Dániel Ligeti

Personal information
- Nationality: Hungary
- Born: 31 July 1989 (age 36) Szombathely, Hungary
- Height: 1.92 m (6 ft 4 in)
- Weight: 115 kg (254 lb)

Sport
- Style: Freestyle
- Club: Haladás VSE
- Coach: István Gulyás

Medal record
Men's freestyle wrestling
Representing Hungary
European Championships
| Silver medal – second place | 2012 Belgrade | 120 kg |
| Bronze medal – third place | 2011 Dortmund | 120 kg |
| Bronze medal – third place | 2014 Vantaa | 125 kg |
| Bronze medal – third place | 2022 Budapest | 125 kg |
| Bronze medal – third place | 2023 Zagreb | 125 kg |
World Cup
| Gold medal – first place | 2011 Makhachkala | 120 kg |
Yasar Dogu Tournament
| Bronze medal – third place | 2019 Istanbul | 125 kg |
| Bronze medal – third place | 2022 Istanbul | 125 kg |
Dan Kolov & Nikola Petrov Tournament
| Bronze medal – third place | 2017 Russe | 125 kg |
| Bronze medal – third place | 2019 Russe | 125 kg |
Grand Prix
| Gold medal – first place | 2010 Dortmund | 120 kg |
| Gold medal – first place | 2011 London | 120 kg |
| Gold medal – first place | 2016 Madrid | 125 kg |
| Gold medal – first place | 2017 Warsaw | 125 kg |
| Gold medal – first place | 2019 Yakutsk | 125 kg |
| Silver medal – second place | 2012 Madrid | 120 kg |
| Silver medal – second place | 2017 Tbilisi | 125 kg |
| Silver medal – second place | 2017 Paris | 125 kg |
| Silver medal – second place | 2017 Kyiv | 125 kg |
| Silver medal – second place | 2020 Warsaw | 125 kg |
| Silver medal – second place | 2023 Budapest | 125 kg |
| Bronze medal – third place | 2011 Madrid | 120 kg |
| Bronze medal – third place | 2011 Poznan | 120 kg |
| Bronze medal – third place | 2013 Kiev | 120 kg |
| Bronze medal – third place | 2013 Makhachkala | 120 kg |
| Bronze medal – third place | 2015 Paris | 125 kg |
| Bronze medal – third place | 2020 Rome | 125 kg |
| Bronze medal – third place | 2023 Zagreb | 125 kg |
World University Championship
| Bronze medal – third place | 2010 Torino | 120 kg |
European Juniors Championships
| Silver medal – second place | 2012 Kosice | 96 kg |
Men's Beach wrestling
Beach Wrestling World Series
| Gold medal – first place | 2024 Porec | +90 kg |

= Dániel Ligeti =

Hungarian freestyle wrestler (born 1989)

Dániel Ligeti (born July 31, 1989) is an amateur Hungarian freestyle wrestler, who competes in the men's super heavyweight category. He won the bronze medal for his division at the 2011 European Wrestling Championships in Dortmund, Germany, and silver at the 2012 European Wrestling Championships in Belgrade, Serbia. Ligeti stands 1.92 metres (6 ft 3.5 in) tall and weighs 115 kilograms (254 lb).
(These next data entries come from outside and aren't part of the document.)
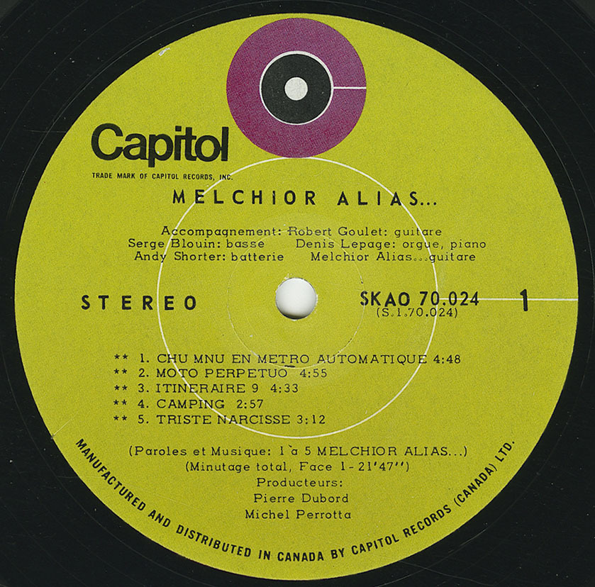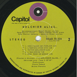 This French-Canadian ultra-rarity makes its long-overdue CD debut here. Originally issued in 1969, it's a crazed blend of catchy pop, funky grooves and spaced-out psychedelia, with plenty of acid guitar. The identity of the enigmatic Melchior Alias remains unknown, but numerous leading lights of Quebec's progressive music scene are involved, including arranger and future disco luminary Denis Lepage and engineer Peter Tessier (later to make his own rare album). It seems likely that the credit for Robert Goulet as musical director is a joke -- but anything seems possible on this most strange and mysterious of discs. "From Quebec and sung in French, this goofy fusion of guitar, organ, drums and mild electronics has an amiable air of stoned experimentalism ... the highlights are the bizarre groover 'Itineraire 9,' laid-back ballad 'L'Espace d'un Été' and spacey 'L'Aquarium,' which recall the more experimental work of Michel Polnareff and Serge Gainsbourg. Two 45s were extracted, and quite a lot of effort went into the packaging, but promotion and distribution must have been poor, as it's easily one of the rarest major label albums of the period."
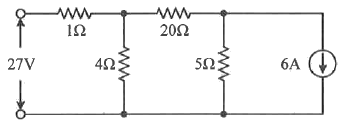 등가변환을 통해 27V를 27I로 보고, 1옴과 4옴 직렬을 병렬로 봄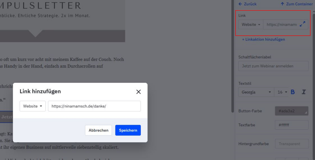 Diesen Button verlinkst du auf eine Danke-Seite auf deiner Website.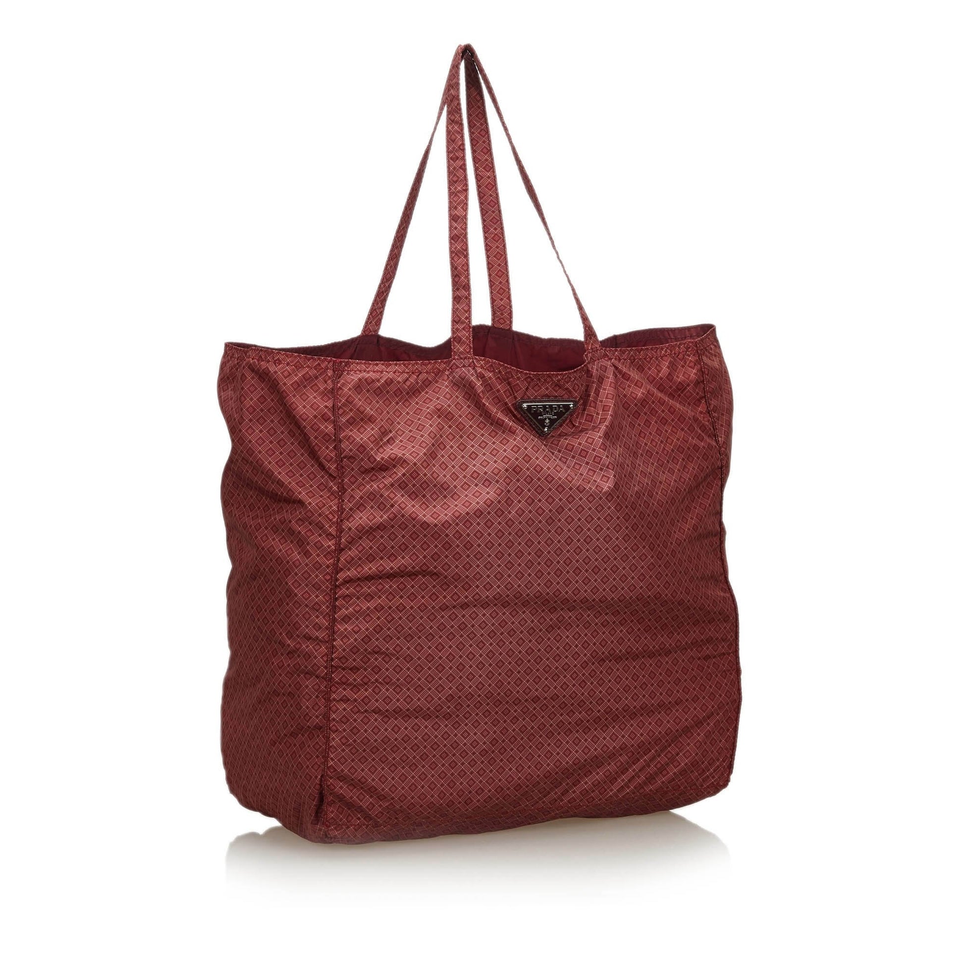Prada Red Nylon Fabric Printed Tote Bag Italy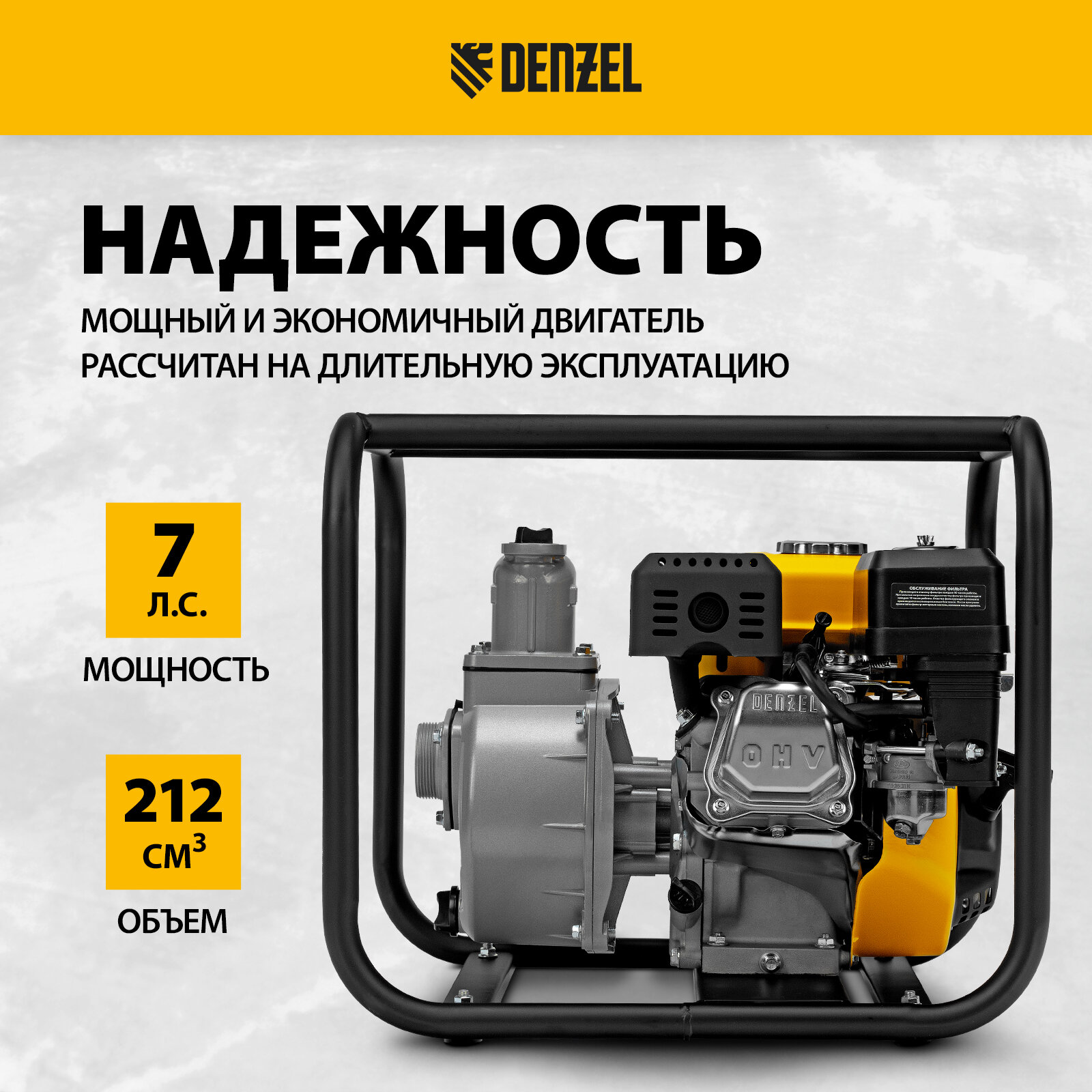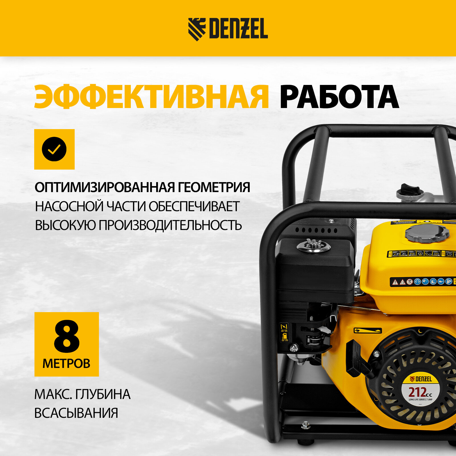 Купить Мотопомпа бензиновая DENZEL PX-50, 7 л.с, 2, 600 л/мин, глубина 8 м, напор 30 м

He is also currently a member of TuS Adelhausen in Rheinfelden, Baden-Württemberg, Germany, and is coached by Istvan Gulyas from the national wrestling team.

Ligeti represented Hungary at the 2012 Summer Olympics in London, where he competed in the 120 kg class in men's freestyle wrestling. He received a bye for the second preliminary match, before losing out to Belarus' Aleksey Shemarov, who was able to score four points in two straight periods, leaving Ligeti with a single point.

He competed at the 2016 Olympics, beating Florian Temengil to reach the quarter finals where he lost to Levan Berianidze. In March 2021, he competed at the European Qualification Tournament in Budapest, Hungary hoping to qualify for the 2020 Summer Olympics in Tokyo, Japan.

In 2022, he won one of the bronze medals in his event at the Yasar Dogu Tournament held in Istanbul, Turkey. He also won one of the bronze medals in the 125 kg event at the 2022 European Wrestling Championships held in Budapest, Hungary. He competed in the 125 kg event at the 2022 World Wrestling Championships held in Belgrade, Serbia.

He competed at the 2024 European Wrestling Olympic Qualification Tournament in Baku, Azerbaijan hoping to qualify for the 2024 Summer Olympics in Paris, France. He was eliminated in his first match and he did not qualify for the Olympics. A month later, he earned a quota place for Hungary for the Olympics at the 2024 World Wrestling Olympic Qualification Tournament held in Istanbul, Turkey. He competed in the men's freestyle 125 kg event at the Olympics.